My home course does have a free short game area where I can hit balls off of natural turf. I also0 pay $30 a month to hit all the range balls I want after 11AM. $30 is equivalent to 300 balls. Some weeks I will hit as many as 600+ balls, so that $30 pays for itself quite fast. That $30 also gets me 18 holes with a cart for $9.50. I usually walk, but the 18 holes are the same price. 

Some school ground allow for longer shots, if it's legal. Same with some parks. I don't know what the terrain is where you live, but I have a dry lake bed I sometime use for longer shots. I just set up two targets 250 yards away, spaced about 30 yards a part. The idea is land the ball at what ever distance I'm hitting, between the two targets. The balls might roll out of my intended landing area due to the rough terrain, but as long they hit the ground between the targets, that's all I am looking for. I can also get a good read on what my carry yardage is for each club. Hitting balls out there also entails other family functions. I never go out there just to hit balls. 

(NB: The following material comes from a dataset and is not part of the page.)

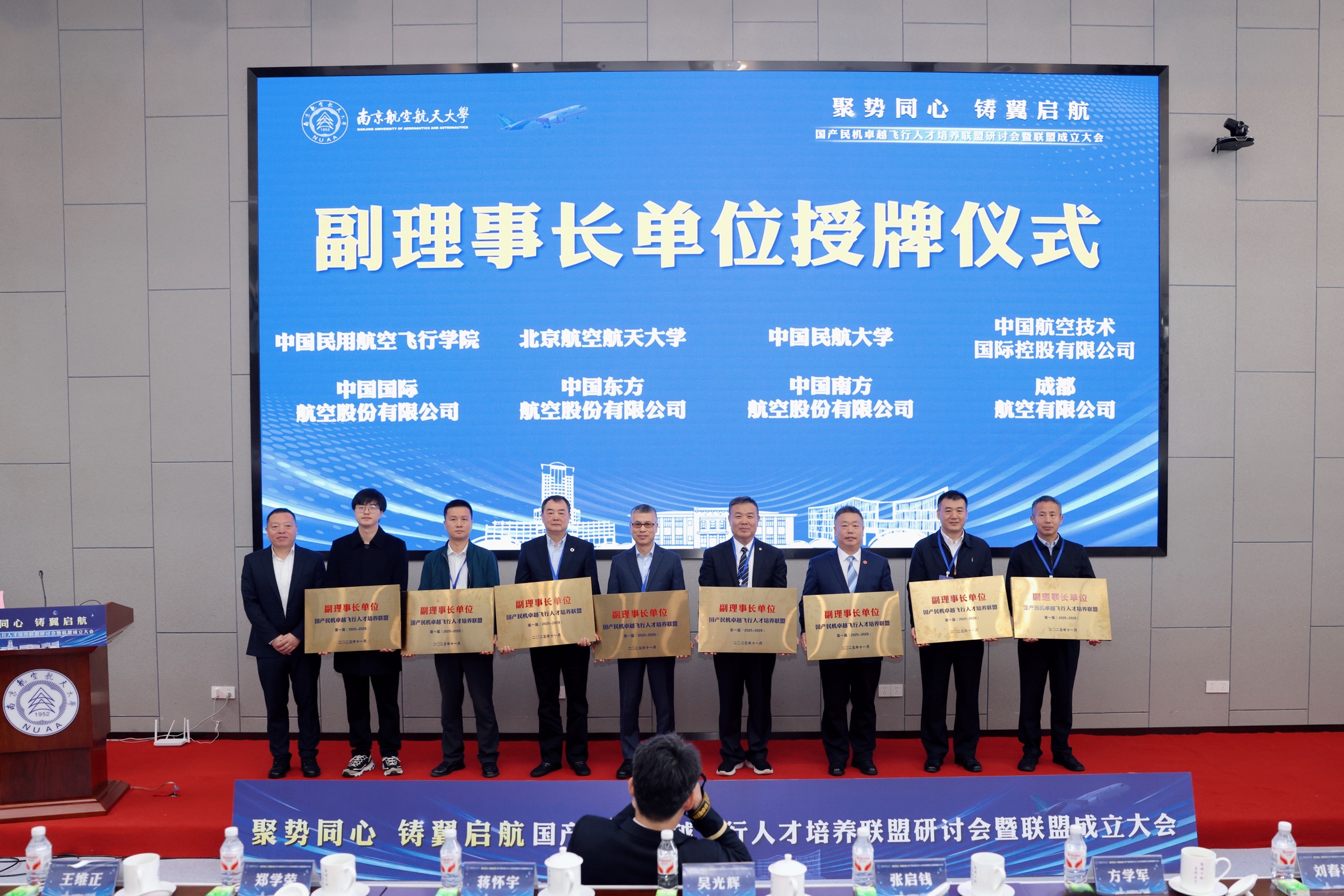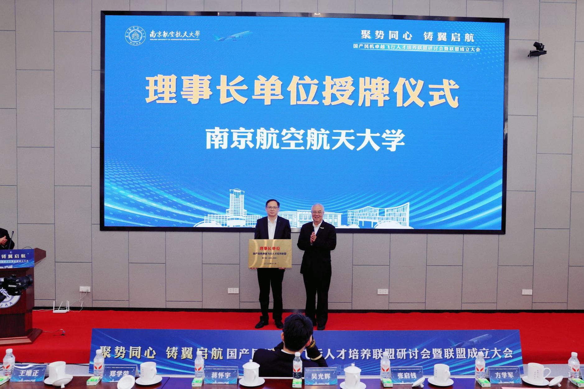 大会选举产生由sunbet申搏官方网站任理事长单位,中国民用航空飞行学院、北京航空航天大学、中国民航大学、中国航空技术国际控股有限公司、中国国际航空股份有限公司、中国东方航空股份有限公司、成都航空有限公司等任副理事长单位,黄领才任秘书长的首届领导机构。吴光辉、郑学荣分别为理事长和副理事长单位授牌。

Another option might be to build yourself an inexpensive putting green in your back yard. All you really need for that is some sand/fill material, and piece of carpet. This will serve well to practice hitting putts on a straight line. Add more fill material to give your self some breaking putts to practice on. You can be as elaborate as you want with this DIYer. A visit to a surplus store could allow you to find some netting for a back yard net to hit balls into. Add a low cost PVC frame, and you are in business. Problem with a back yard net is you can't see the actual ball flight to know if you are impacting the ball correctly, on harder hit shots. I have a back yard net that I hit chips, and short pitches into. 10 or 15 shots when ever I feel like it, mounts up over time. 

Now, something you can do anywhere is to practice your stance/aim/alignment/posture, and even your pre shot routine. To me, getting all that stuff right can save a golfer many, many strokes during a round. 



Doug Green said:


> How should do you practice golf in an efficient and cheaper way? Any tips guys?


----------



## stevel1017 (Apr 30, 2007)

Great post Frog!
I have a 5 gallon bucket and about 50 balls, and I practice my chipping at lunch. I may chip 30 balls from different lenghts to the bucket, the longest chip being maybe 15 to 20 yards. I do this in the yard at work, doesn't need much room and doesn't cost a dime, but greatly improves my scores.


----------